Responsible AI in practice. Governance patterns, prompt and output safety (Azure AI Content Safety, jailbreak/PII shields), data-boundary enforcement via Entra ID and Private Link, audit trails. Critical for our regulated-industry client work.

•

R&D and team enablement. Run an R&D cadence — evaluate new Azure AI releases (Foundry models, agent features, AI Search capabilities) and the broader OSS landscape, prototype what matters, kill what doesn’t, and publish findings back to the CoE. Build and run the internal training program (workshops, code labs, brown-bags, certification paths) that levels up the AI engineering team.

•

Presales partnership. Partner with sales and account leads on qualified pursuits: scope AI engagements, run technical discovery, shape solution architectures, contribute to SOWs and proposals, and present to client architects and CTOs. You’re the senior technical voice in the room when it counts.

•

Team leadership. Lead and grow a small team of AI engineers. Run architecture reviews and design sessions across the CoE, and partner closely with client delivery teams.

Required Qualifications & Skills:

•

12+ years building software, with the last 2–3 spent shipping real production AI/ML systems — ideally including LLM applications, RAG, or agent systems that handle live traffic.

•

Deep on Azure AI. Hands-on with Azure AI Foundry (model catalog, agent service, prompt flow), Azure OpenAI, Azure AI Search (vector + hybrid retrieval), AI Content Safety, Azure Machine Learning, and AI Document Intelligence. You’ve put more than one of these in production.

•

Comfortable across the Azure platform. AKS or Azure Container Apps, Azure API

Management (as an AI gateway), Azure Functions, Cosmos DB (incl. vector), Microsoft Fabric / Synapse, Entra ID, Key Vault, Private Link. Bicep or Terraform for IaC. GitHub Actions or Azure DevOps for CI/CD.

•

Fluent in the broader GenAI stack. Model APIs beyond Azure (Anthropic, OpenAI direct, Bedrock) and open-source orchestration — Semantic Kernel, NVIDIA NeMo, LangGraph, AutoGen, LlamaIndex. Vector stores and eval tooling (Braintrust,

LangSmith, Ragas) where they fit better than the Azure-native option.

•

Strong systems and data engineering chops. You can design retrieval pipelines, pick the right storage and compute, and reason about latency, cost, and reliability tradeoffs.

•

Production discipline. CI/CD, containerization, infra-as-code, observability — the unglamorous things that separate prototypes from products.

•

Presales-capable. Comfortable in front of clients: discovery, whiteboarding solutions, defending architecture decisions, contributing to proposals and SOWs.

•

Experience leading small engineering teams. You’ve managed at least 2–3 engineers before, balanced shipping with people development, and know when to step in versus step back.

•

Clear technical communication. You can explain agent design to a CTO and pair with a junior engineer in the same afternoon.

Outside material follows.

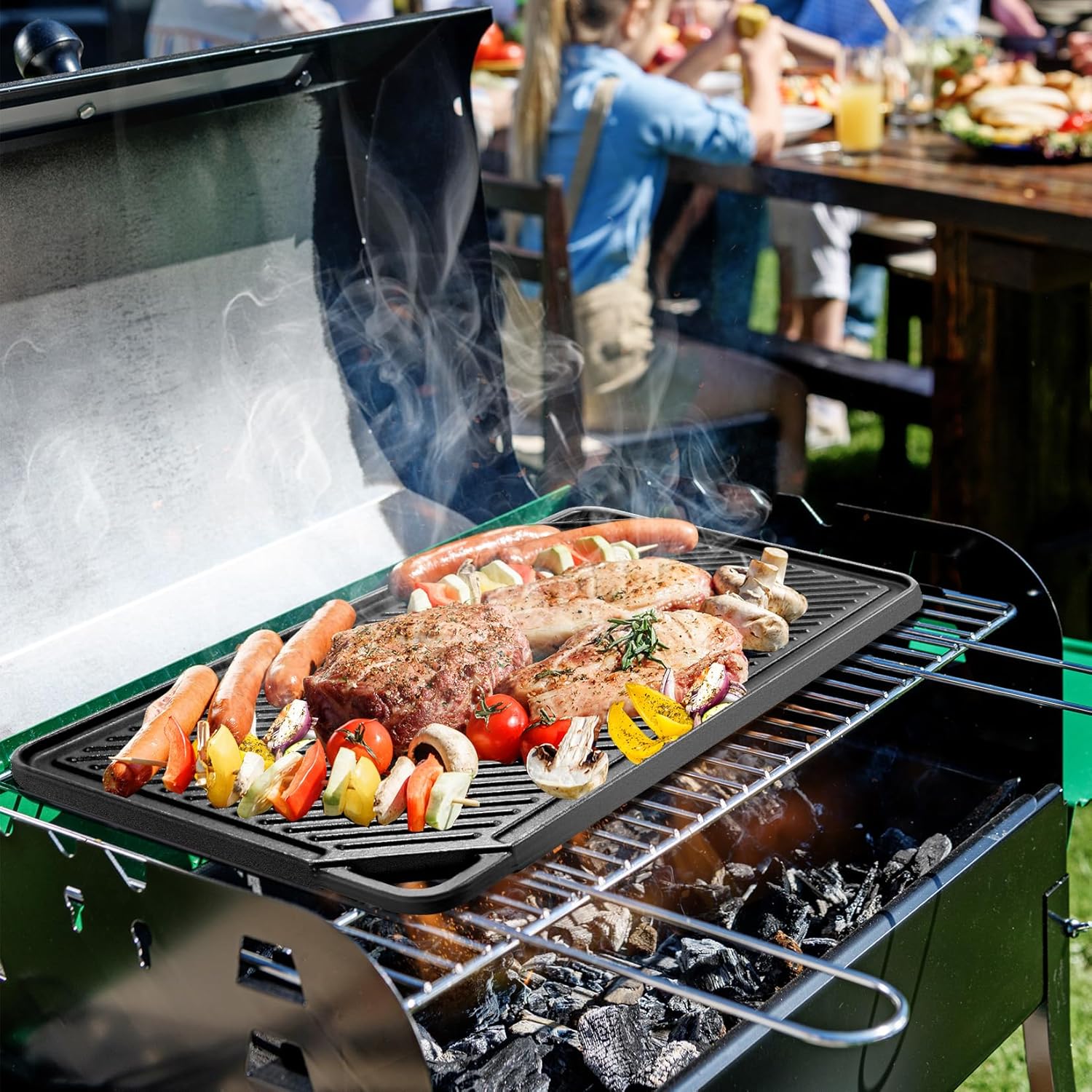 • Reversible Design: One baking pan, both sides can be cooked, the ribbed side is used for grilled foods, such as steaks, lamb chops, fish and chicken; the flat side is used for pan cakes, toast bread, hamburgers, tortillas, fajitas, eggs, bacon, hot dogs, luncheon meat, minced meat, scallops, shrimps, veggies. Versatile and multipurpose grill pan perfect for indoor or outdoor BBQ, you can prepare food for family and friends wherever you go, enjoy different styles of delicious and frying fun

Strategic Objectives and Expected Outcomes in the first year:

•

At least one major AI system you’ve architected is in production on Azure and being used by client delivery teams or end customers.

•

A published set of CoE reference architectures (RAG, agent runtime, eval harness) with working Azure sample implementations — measurably shortening the path from PoC to production for downstream teams.

•

A running R&D and training cadence: regular evaluations of new Azure AI and OSS releases, an internal workshop / lab program, and visible upskilling across the AI engineering team.

•

Direct contribution to won deals — you’ve been the senior architect on at least a handful of presales pursuits that closed.

•

The engineering bar for AI work across the CoE is visibly higher because of the patterns, reviews, and standards you’ve established.

Preferred to have:

Azure certifications (AI Engineer Associate, Solutions Architect Expert) or equivalent depth. Open-source contributions in the AI/ML space. Experience operating AI systems under regulatory constraints (HIPAA, SOC 2, financial services). Background in services or consulting environments where the same architecture serves multiple clients.